Script: Barry Jenkins, Tarell Alvin McCraney
Cast: Alex R. Hibbert, André Holland, Ashton Sanders, Jaden Piner, Janelle Monáe, Jharrel Jerome, Mahershala Ali, Naomie Harris, Trevante Rhodes
Rated : 10 Stars
A chronicle of the childhood, adolescence and burgeoning adulthood of a young black man growing up in a rough neighborhood of Miami.
The one word that comes to mind whenever I think about Moonlight is isolation. If I had to add another it would be sadness. Those aren’t very encouraging words. And if someone told me to go see a film, it is all about isolation and sadness I’m not sure I would be all that enthused. But I heartily recommend you go see Moonlight, if you haven’t already. I think it has been out for ages in the US, only just released here. And if you can, it only stayed one week in my local cinema so I’m really glad I took the opportunity to go see it.

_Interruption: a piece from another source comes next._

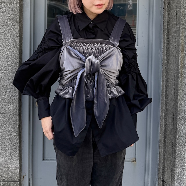 Create Clair / Shirring ribbon bustier / Gray-velor

Because it is also a beautiful film. It is small and personal in many ways, character focused and character driven. It is one man’s journey into adulthood.
We first meet him as Little, a nine year old boy running from bullies. It isn’t the first time he has suffered at the hands of his peers, and it certainly won’t be the last. He hides out in an abandoned house and there meets Juan, a local drug dealer, who tries to find out where Little belongs, or even what his name is. Little isn’t one for talking much though. And it takes quite a while before Juan learns anything about the boy.
I loved the relationship between Juan and Little, it is so rare to see anything that approaches a healthy relationship between men and young boys on screen, even when it is parents and children there is usually some unpleasantness to work through. And when was the last time you saw a back father figure get anything like a positive portrayal on-screen?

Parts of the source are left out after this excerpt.